В сущности, мой отъезд сильно похож на бегство — точнее, на дезертирство. А что делать? Строить футбольные площадки на ребячьих костях? Вот — один уже утонул в болоте... Что сталось с теми тринадцатью, которые не вернулись?

Канал тих и пуст. На моторке я единственный пассажир. Каюта, человек на десять—пятнадцать, загажена и заплевана; на палубе — сырой пронизывающий ветер, несущий над водой длинные вуали утреннего тумана. Капитан, сидящий в рулевой будке, жестом при

 

- 479 -

глашает меня в эту будку. Захожу и усаживаюсь рядом с капитаном. Здесь тепло и не дует, сквозь окна кабинки можно любоваться надвигающимся пейзажем: болото и лес, узкая лента канала, обложенная грубо отесанными кусками гранита. Местами гранит уже осыпался, и на протяжении сотен метров в воду вползают медленные осыпи песка. Капитан обходит эти места, держась поближе к противоположному берегу.

— Что ж это? Не успели достроить — уже и разваливается? Капитан флегматично пожимает плечами.
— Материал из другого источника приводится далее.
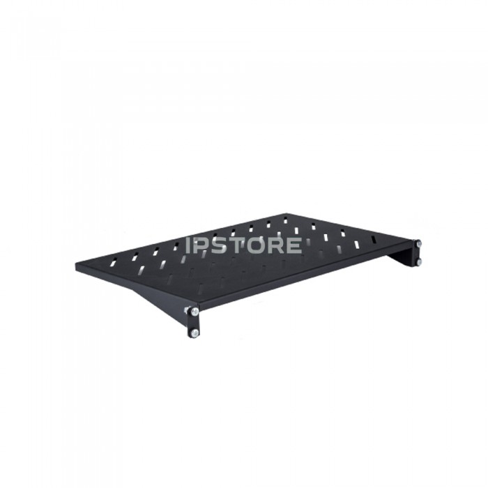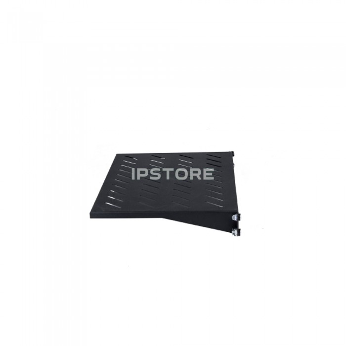 Виріб виготовлено з міцної листової сталі завтовшки 1,2 мм, що гарантує довговічність і стійкість до механічних пошкоджень. Полиця підтримує розподілене статичне навантаження до 15 кг, що робить її придатною для розміщення різного обладнання. Додаткова перфорація по всій поверхні полиці сприяє ефективній вентиляції, що дозволяє повітрю вільно циркулювати та запобігає перегріванню встановленого обладнання.
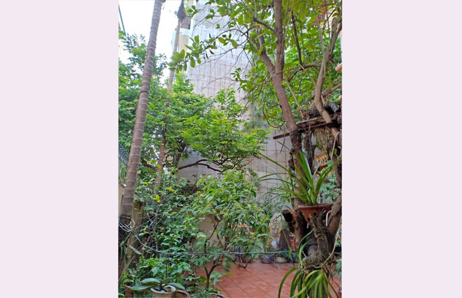Đứng kiên định trên hàng rào sắt là cây xương rồng, hoa màu lửa - kỷ niệm của ông cậu vợ đã khuất. Nàng mang nó về từ Móng Cái miền biên viễn xa xôi. Bao quanh cây bưởi là bụi hoa lan kiếm của cố nhà văn Dương Duy Ngữ. Bụi hoa mọc trên tường cao, anh phăng phăng bắc thang lên bê tất cả xuống, trao tay tôi, bảo:
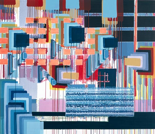 MARITA DAMKRÖGER gehört einer Generation von Malern an, die in ausreichender zeitlicher – und wenn man es noch so nennen will, postmoderner – Distanz zu den Grabenkämpfen der Avantgarde stehen, um mit einer gewissen Gelassenheit auf das umfangreiche Angebot zurückblicken können, das in jahrzehntelanger Pionierarbeit der Nachwelt ausgebreitet worden ist. Verschiedene malerische Ansätze und Verfahren kommen in Marita Damkrögers Bildern parallel zum Einsatz, etwa Drippings, All Over, Hard Edge, Color Field Painting oder grundlegende Aspekte der minimalistischen und konzeptuellen Malerei. Trotz eines erkennbaren Strebens nach formaler Kohärenz und kompositorischer Ausgewogenheit werden Widersprüche, wie sie in der Betonung von Flächenhaftigkeit oder Raumtiefe, großflächiger Gesamtwirkung und sich herauslösendem Detail zwangsläufig entstehen, ebenso wenig unterdrückt oder kaschiert wie das Aufeinanderprallen streng konstruktiver Planung und kalkulierter Zufallseffekte, etwa beim Herablaufen flüssiger Farbe.
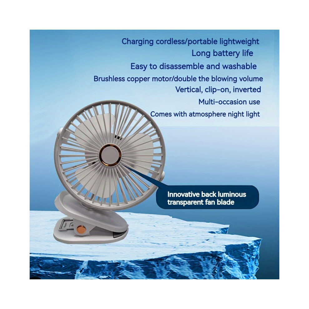 (White) Portable Clip-On Table Fan, 360 Rotatable, 5-Speed Adjustable, Strong Grip, Rechargeable 18650 Lithium Battery,
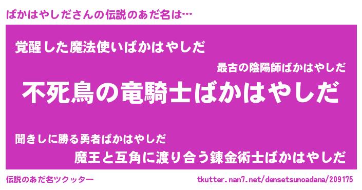 | 胡散臭い通販商品みたいなあだ名 | 『世界中を虜にした100年もののヴィンテージワイン…その名も「ばかはやしだ」』 |
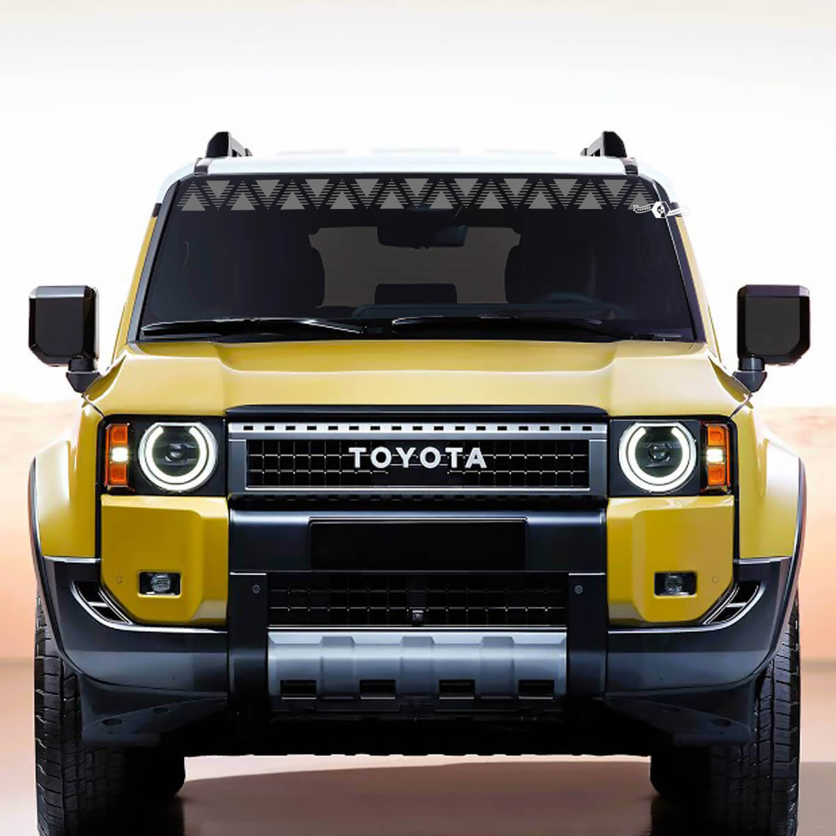 "Rugged windscreen graphics for Toyota off-road vehicles"

— Песок — это что. А вот плотины заваливаются, вот за Водоразделом сами посмотрите. Подмывает их снизу, что ли... Гнилая работа, как есть гнилая, тяп да ляп: гонють, гонють, вот и выходит: не успели построить — глядишь, а все из рук разлазится. Вот сейчас — всю весну чинили, экскаваторы работали, не успели подлатать — снова разлезлось. Да песок — это что? А как с плотинами будет — никому неизвестно. Другой канал думают строить — не дай Господи...

О том, что собираются строить «вторую нитку» канала, я слышал еще в Медгоре. Изыскательские партии уже работали, и в производственном отделе уже висела карта с двумя вариантами направления этой «второй нитки» — сколько я знаю, ее все-таки не начали строить...

— А что возят по этому каналу?

— Да вот — вас возим.

— А еще что?

— Ну, еще кое-кого, вроде вас...

— А грузы?

— Какие тут грузы? Вот вчера на седьмой участок, под Повенцом, пригнали две баржи с ссыльными — одни бабы... Тоже — груз, можно сказать... Ах ты, мать твою...

Моторка тихо въехала в какую-то мель. «Стой! давай полный назад», — заорал капитан в трубку. Мотор дал задний ход; пена взбитой воды побежала от кормы к носу; суденышко не сдвинулось ни на вершок. Капитан снова выругался: «Вот заговорились и въехали, ах ты, мать твою...» Снизу прибежал замасленный механик и в свою очередь обложил капитана. «Ну что ж, пихаться будем!» — сказал капитан фаталистически.

На моторке оказалось несколько шестов, специально приспособленных для «пихания», с широкими досками на концах, чтобы шесты не уходили в песок. Дали полный задний ход, навалились на шесты, моторка мягко скользнула назад, потом, освободившись, резко дернулась к берегу. Капитан в несколько прыжков очутился у

 

- 480 -

руля и едва успел спасти корму от удара о береговые камни. Механик, выругавшись еще раз, ушел вниз, к мотору. Снова уселись в будке.

— Ну, будет лясы точить, — сказал капитан, — тут песок со всех щелей лезет, а напорешься на камень — пять лет дадут.

— А вы заключенный?

— А то что же?

Часа через два мы подъезжаем к Водоразделу — высшей точке канала. Отсюда начинается спуск на север, к Сороке. Огромный и совершенно пустой затон, замкнутый с севера гигантской бревенчатой дамбой. Над шлюзом — бревенчатая триумфальная арка с надписью об энтузиазме, победах и о чем-то еще. Другая такая же арка, только гранитная, перекинута через дорогу к лагерному пункту. Огромная — и тоже пустынная — площадь, вымощенная булыжниками, замыкается с севера длинным, метров в сто, двухэтажным бревенчатым домом. Посередине площади — гранитный обелиск с бюстом Дзержинского. Все это пусто, позанесено песком. Ни на площади, ни на шлюзах ни одной живой души. Я не догадался спросить у капитана дорогу к лагерному пункту, а тут спросить не у кого. Обхожу дамбу, плотину, шлюзы. На шлюзах, оказывается, есть караульная будка, в которой мирно почивают двое «каналохранников». Выясняю, что до лагерного пункта версты две лесом, окаймляющим площадь — вероятно, площадь имени Дзержинского.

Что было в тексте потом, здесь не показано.